We'll use the readFile() method to read the file. readFile() takes three arguments -- the name of the file, the format of the file, and a function that will executed when the data from the file is ready (known as a callback).

fs.readFile(filename, 'utf8', analyze);

The use of a callback is very typical of JavaScript, and we'll be seeing many examples of this over the course of the semester. It's also possible to write an "anonymous" function directly as an argument to readFile() but this will make the code a bit harder to follow. Let's take a look at the analyze() function.

function analyze(err, data) {
  if (err) {
    throw err;
  }
  console.log('OK: ' + filename);
  console.log(data);
}

The function takes two arguments: err and data. err will be undefined (unless there's an error) and data will contain all of the text from the file in a String (unless there was an error). If you're not familiar with throw err, take a look at the documentation for throw and try/catch.

Once we’ve gotten the hang of reading and writing files, we can start to think about ways of creating output text based on an input text. For example, we could do something as simple as make a new text with every other word from a source text. To do this, we can split the text up into an array of Strings (with space as a delimiter) and create a new String by appended every other word to it. StringBuffer is good to use in case we are dealing with really long texts.

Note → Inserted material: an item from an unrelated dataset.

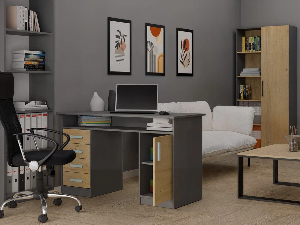 BIURKO ADA ANTRACYT DĄB ARTISAN 125 Cm 4 Szuflady Szafka Półki Do Biura Pokoju Na Laptop

// Split text by wherever there is a space
var words = data.split(" ");
var everyotherword = '';
for (var i = 0; i < words.length; i+=2) {
  var word = words[i];
  everyotherword += word + ' ';
}

Using the Nigerian Spam as a source text, the result is something like:

On 12th, a contractor the co-orporation, Kingdom Olaf made time
Deposit  twelve months, at US$ (Seventeen Three Hundred fifty
Thousand only) my maturity,I a notification his address but no
After month, sent reminder finally from contract the Pertroleum
co-orporation Mr.Olaf died an accident further found that died
making WILL,and attempts his of was therefore further and
that Olaf

Another thing we might try is to search for every time a certain word appears. The following code examines a text for every time the word “God” appears and keeps the word “God” along with what follows it:

var words = data.split(' ');
for (var i = 0; i < words.length-1; i++) {
  if (words[i] == 'God') {
    console.log(words[i] + ' '  + words[i+1]);
  }
}

The result applied to Genesis from the Bible looks something like:

God Almighty
God forbid
God hath
God did
God hath
God of
God Almighty
God make
God of
God of
God meant
God will

We could also reverse all the characters in a text, by walking through the String backwards. Note how the for loop starts at the end of the String (data.length - 1).

// Reverse all the characters in the text
var output = '';
for (var i = data.length-1; i >= 0; i--) {
  output += data.charAt(i);
}

The result applied to the Nigerian Spam looks something like:

rof %5 dna uoy rof %53 dna em rof %06 fo oitar eht ni erahs ot su
rof tnuocca ruoy otni diap eb lliw yenom ehT .refsnart eht rof rovaf
ruoy ni noitartsinimda/etaborp fo rettel dna stnemucod yrassecen eht
niatbo ot dna LLIW eht fo noitaziraton dna gnitfard rof yenrotta na
fo secivres eht yolpme llahs eW .nik fo txen eht sa ecalp ni uoy tup
lliw taht stivadiffa dna stnemucod yrassecen eht eraperp lliw yenrotta

Analysis

We’ll end this week by looking at a basic example of text analysis. We will read in a file, examine some of its statistical properties, and write a report. Our example will compute the Flesch Index (aka Flesch-Kincaid Reading Ease test), a numeric score that indicates the readability of a text. The lower the score, the more difficult the text. The higher, the easier. For example, texts with a score of 90-100 are, say, around the 5th grade level, wheras 0-30 would be for “college graduates”. The result of the test on a few sample texts (the Bible, spam, a New York Times article, and Processing tutorials I’m writing) are displayed to the right.

The Flesch Index is computed as a function of total words, total sentences, and total syllables. It was developed by Dr. Rudolf Flesch and modified by J. P. Kincaid (thus the joint name). Most word processing programs will compute the Flesch Index for you, which provides us with a nice method to check our results.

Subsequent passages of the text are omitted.